The two West suburban hospitals in the Edward-Elmhurst Health system continue to have enough capacity in both beds and ventilators to manage the number of COVID-19 patients they are seeing, leaders said Wednesday during a virtual town hall.
Edward Hospital in Naperville and Elmhurst Hospital together were treating a total of 115 admitted patients with confirmed cases of the coronavirus Wednesday. The system already has treated 370 others, including 319 who have been discharged and 51 who died from the virus, said Dr. Sanjeeb Khatua, chief physician executive and COVID-19 incident commander.
The hospitals continue to effectively manage the spread of infections within their facilities, CEO Mary Lou Mastro said, and remain safe for anyone who needs treatment of critical health needs.

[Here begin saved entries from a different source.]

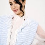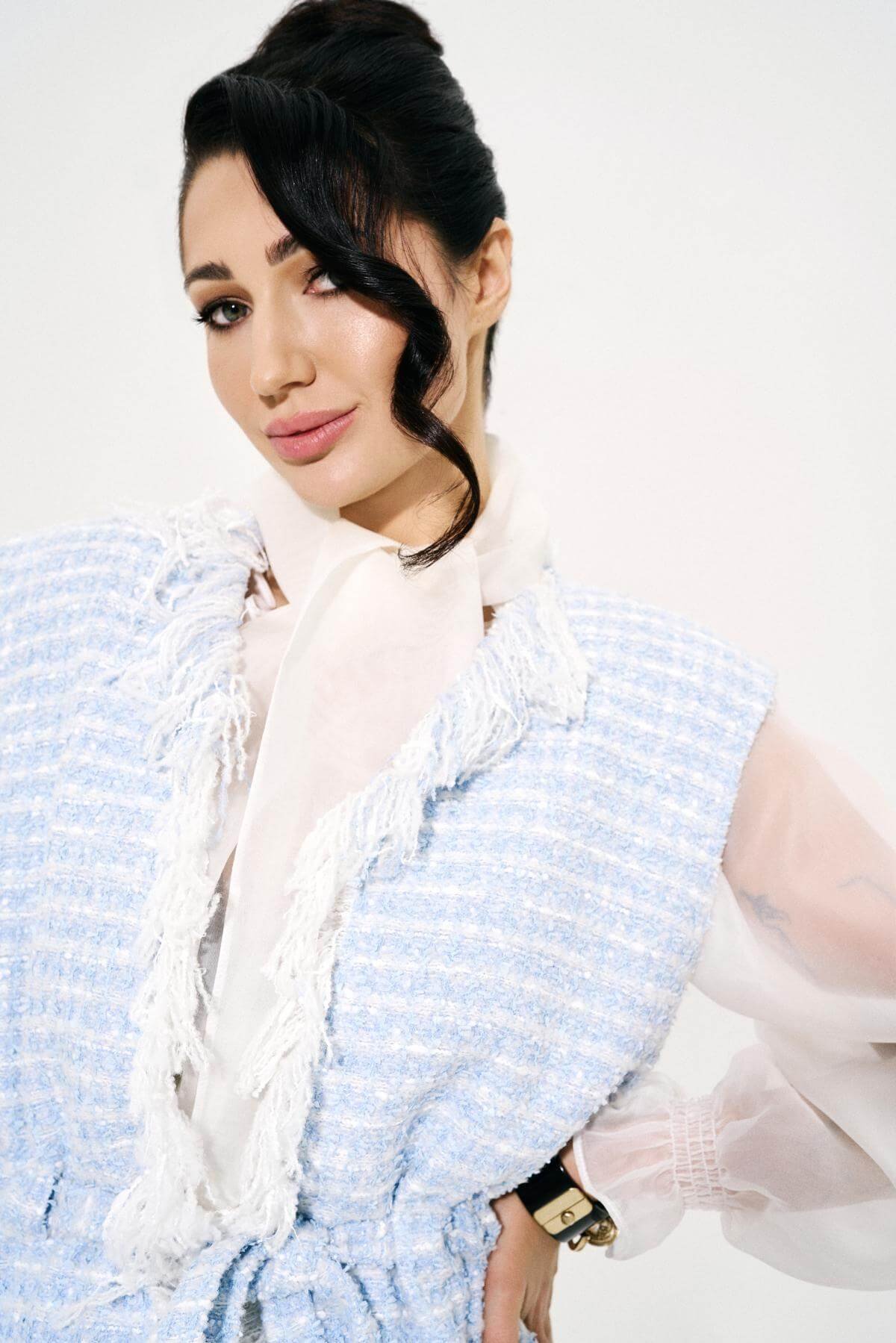 Structured shoulders create a confident frame, while the waist tie refines the line – clean, precise, distinctly feminine.
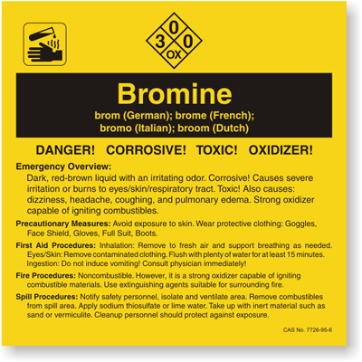 A Bromine chemical label will help prevent an avoidable and unnecessary accident. Nothing works better to increase safety than a Bromine label.
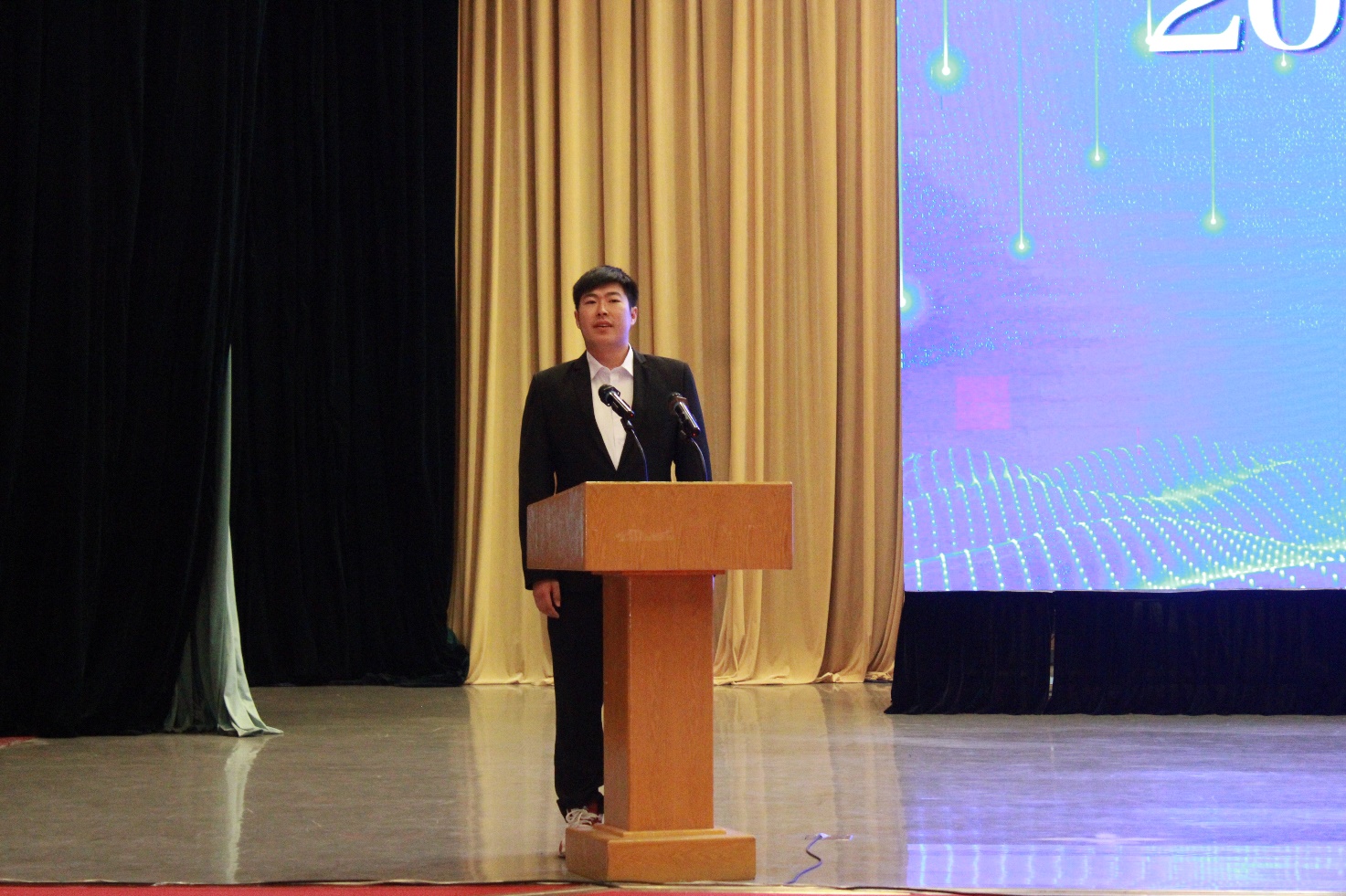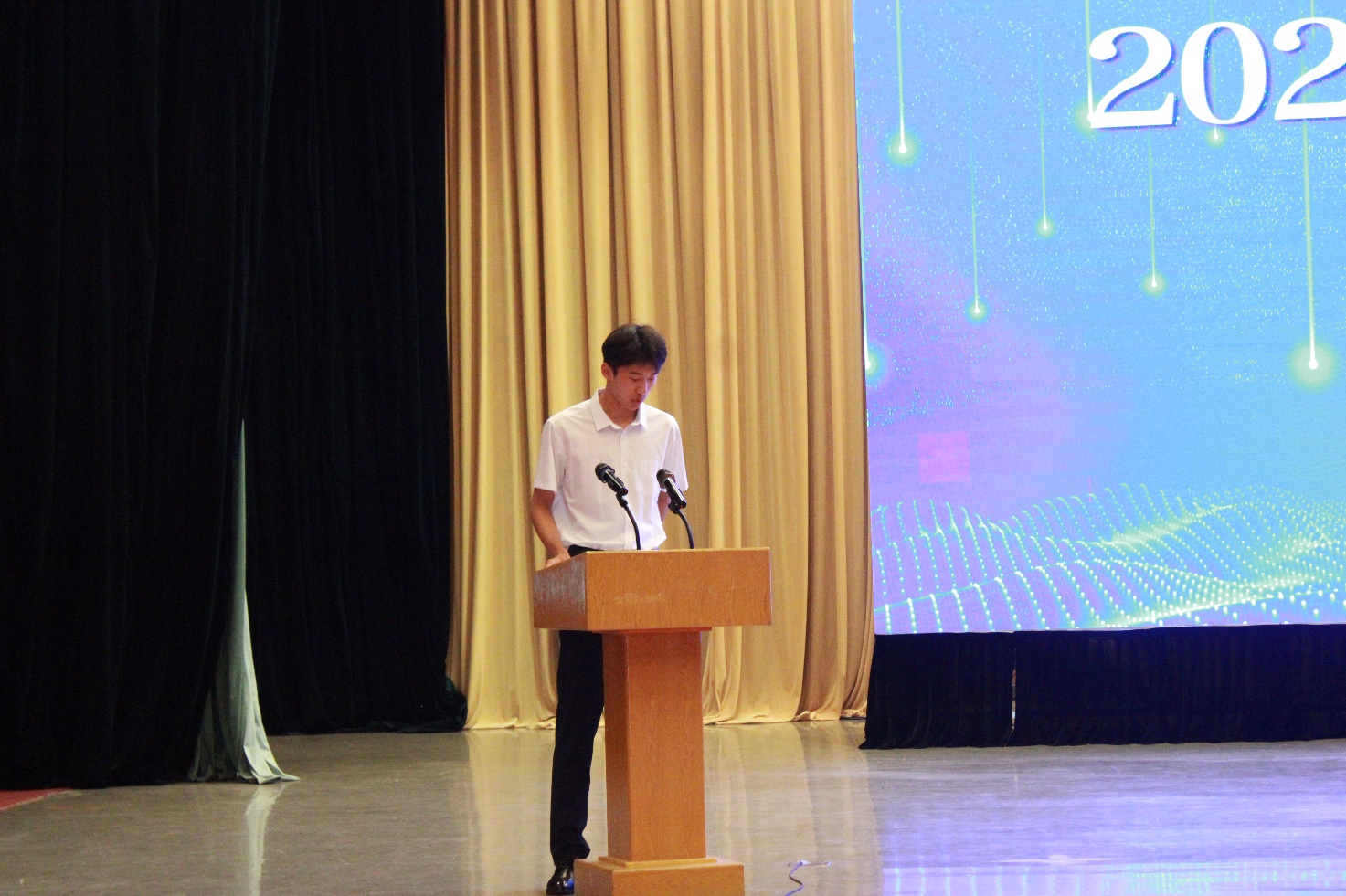 在校生代表王涛发言,他从自身经历出发向同学们提出大学规划。大一时要努力适应新生活,保持昂扬奋斗的姿态,磨练百折不挠的勇气,在员工组织中积极锻炼,养成良好学习习惯和自律精神;大二时要厚积薄发,学会自主学习,积极参与各类大赛和竞赛,将理论知识与实践相结合,做到知识体系的融会贯通;大三时要乘风破浪,多方面思考未来道路,坚持自己的目标,保持好心态,积滴水以成河海,累微尘以成峻极。

"If you need to come to the hospital, it is safe. We are here, we stand prepared and ready to take care of you as we always have," Mastro said. "We have safety protocols designed and executed nearly perfectly to prevent infections from spreading from one patient to the next. It's totally safe to come to hospital. It's not safe to ignore symptoms that are problematic."
As patient treatment is in progress, the system is preparing its laboratory to begin antibody testing as soon as possible. The lab, one of only two in-house labs at hospitals across Illinois, expects to receive the materials needed for antibody testing next week, said Dr. Alvaro Candel, anatomic and clinical pathologist and chairman of the pathology department at Elmhurst Hospital. Testing could begin as early as a week after the materials are on hand, he said.
Antibody testing, he said, detects substances in a person's blood that show evidence they have been exposed to the COVID-19 virus. It differs from molecular testing, already in progress at Edward and Elmhurst hospitals, which serves to detect the presence of the COVID-19 virus in the body.
With 115 total coronavirus patients, Mastro said, the hospitals are operating at roughly 60% capacity as projections show cases in Illinois have not yet hit their peak.
Patients who have or are suspected to have COVID-19 are placed into their own rooms in isolation with negative air flow to help protect them and the staff members who treat them, Khatua said.
Doctors and nurses are working to limit the number of times they visit each infected patient's room and are dressing in gowns, gloves, goggles and masks, washing their hands before and after stepping into the room each time, said Dr. Jonathon Pinsky, medical director of infection control and prevention at Edward Hospital.
Nurses are reusing N95 masks to preserve personal protective equipment that hospital officials said is in short supply. After each shift, workers are carefully sterilizing the masks and nurses are instructed to discard them if they become "compromised," said Liana Plotke, director of patient care and critical care at Elmhurst Hospital.
To support the well-being of workers, the hospitals have created quiet rooms for rest and relaxation so they can pause to breathe in aromatherapy scents and watch guided meditations, Plotke said. Staff members also can recharge with on-site emotional support from Linden Oaks Behavioral Health and with plenty of food donations the community is providing every day, Mastro said.